Bu açıdan bakıldığında, Amerikan Başkanı Trump, sahasında ilginç bir prototip oluşturmakta.. Zorba, tahakküm etmek ve güce tapmak ve kendi gücüne teslim olunmasını ve hattâ tapılmasını davranışlarıyla, sözleriyle sergileyen Trump’ın davranışlarında bu durum, anormal boyutlarda.. Herhalde, son yüzyıl içinde hiçbir Amerikan Başkanı onun seviyesinde, bu kadar açıkça kendi gücüne tapılmasını isteyen bir zorba görümünde değildi. Ve o halkın geçmişinde, Amerikan Başkanı iken 22 Kasım-1963’de bir suikast sonunda öldürülen J. F. Kennedy’nin, 1860’lardaki Amerikan İç Savaşı yıllarını anlattığı ‘Fazilet Mücadelesi’ isimli eserinde, birbirleriyle düşman olsalar bile hakk ve haklılık durumunu görünce, karşıtlarına saygı gösteren dev siyasetçiler resm-i geçidi de vardı.

***

Yale Üni’den 27 psikiyatri uzmanı doktor, Trump’ın sergilediği bu ‘normal dışı’lığın tehlikesine işaret eden bir açıklama yaptılar, 20 Aralık günü..

Psikiyatri uzmanı Mss. Dr. Bandy Lee, arkadaşları adına yaptığı açıklamada, Trump’ın ‘tehlikeli bir akıl hastası olduğu ve Amerika’yı yönetmeye uygun olmadığı konusunu dile getiriliyordu..

Lee,şu görüşleri dile getiriyor: ‘Bir çok belirtisi var.. Örnek vermek gerekirse, pek çok.. Meselâ, saldırganlık.. Dürtüsellik, pervasızlık ve paranoya, gerçeklikten kopmak.. Gerçek sonuçları önemli görmemek.. Empati yoksunluğu.. Sürekli olarak gücü hissettirme isteği.. Şiddete ve güçlü silahlara duyduğu ilgi.. Başka ülkelere, ‘daha önce görülmemiş şekilde ateş ve öfkeyle karşılaşacaklar’gibi tehditler savurması..  Bütün bunlar, içindeki değersizlik hissiyle savaşmak için, savaş çıkartabilecek özellikler.. Böylelerinin ağır silahlara ulaşmasının engellenmesi gerekmektedir. Biz insanlığın güvenliği ve bekası için endişeleniyor ve âcil bir değerlendirme çağrısında bulunuyoruz.’

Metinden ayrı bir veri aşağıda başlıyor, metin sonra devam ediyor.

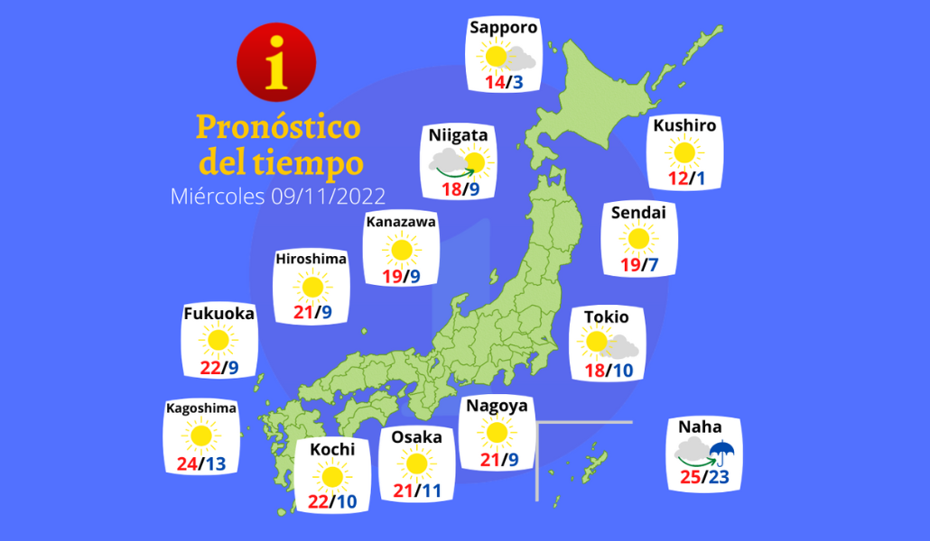 – Despejado en Nishinihon y Higashinihon.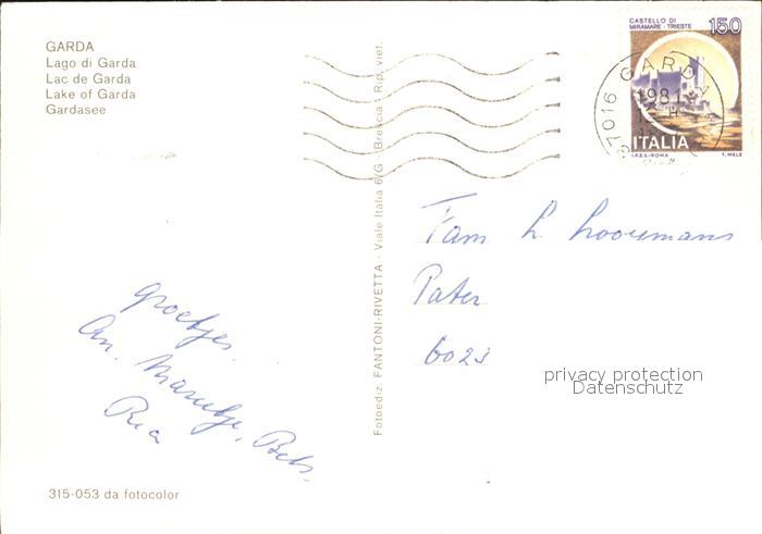 old postcard Garda Lago di Garda Katamaran Panorama Hafenpartie Schloss Promenade postalisch gelaufen Erhaltung siehe scans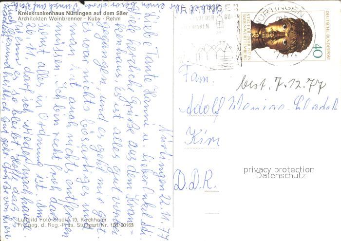 31715296 alte Postkarte Nuertingen Fliegeraufnahme Kreiskrankenhaus Weinbrenner Kuby Rehm postalisch gelaufen Erhaltung siehe scans KatCode: 11110008116049

Tabâbet diliyle söylemek gerekirse, bu kişinin aslında karantina altına alınması ve müşahede altında tutulması gerekir demek istiyorlar o psikiyatri uzmanı doktorlar.. Ve onlara aynen katılıyorum.. Çünkü, bu kişi ne diplomatik dil ve nezaket biliyor, ne insanlık.. Bir ‘azgın boğa’ gibi, her yere toslamaya çalışıyor. Kendi halkının itibarını da düşürüp hakk mefhumundan habersiz, kendisine benzetmeyi hedefleyen bir güçperest.. ‘Sizin tanrınız benim..’ diyen bir ‘çağdaş firavun..’

Roma İmparatorluğu’nun iki bin yıl öncelerde, ‘Teslim olun, barış olsun..’ diye formüle ettiği ‘Pax Romana /Roma Usûlü Barış’ın modern versiyonu olan ‘Pax Americana..’yı sunuyor dünyaya..

Yani, ‘Teslim olun, barış olsun!.’ 

Trump’ın ‘Yardımları keserim, bu saygısızlığınızı unutmayacağız..’ gibi küstah tehditlerine rağmen, dünya halklarının büyük çoğunluğu korkmayıp, bir ‘megalomani hecmesi içindeki bu kişinin, Kudüs’le ilgili zorbalığına ‘Hayır!’ dedi. Her ne kadar yaptırım gücü olmasa bile, diplomatik ve sosyo-psikolojik bakımdan, işbu ‘zamâne firavunu’nun suratına indirilen bir şamar mesâbesindedir bu sonuçlar..

BM Genel Kurulu’ndaki bu tablonun asıl mimarı ise, Tayyib Erdoğan’dır. Eğer, sonuç Trump’ın istediği gibi çıksaydı, o zaman sadece içte değil, dışta da bütün saldırı oklarının Tayyib Bey üzerine nasıl topyekûn çevrildiği görülürdü.

NOT:BM’deki oylamada Bosna-Hersek’in ‘çekimser’ oy kullanmasını yadırgayan bazılarının sanal âlemde, ‘Size o kadar yardım etmiştik..’ şeklindeki yazışmaları onları da Trump zihniyetinin safına itmektedir. Bilinmeli ki, Bosna, bağımsız olmayıp, USA dayatması Deiton Andlaşması’na göre Sırp, Hırvat ve Müslüman üç kişilik bir Başkanlık Heyeti’ndeki ve 8 ayda bir değişen Başkan’ca yönetilen bir ülkedir. Orada ‘çekimser’ oy kullandıran halihazırdaki başkan da, ‘Müslüman’ değildir.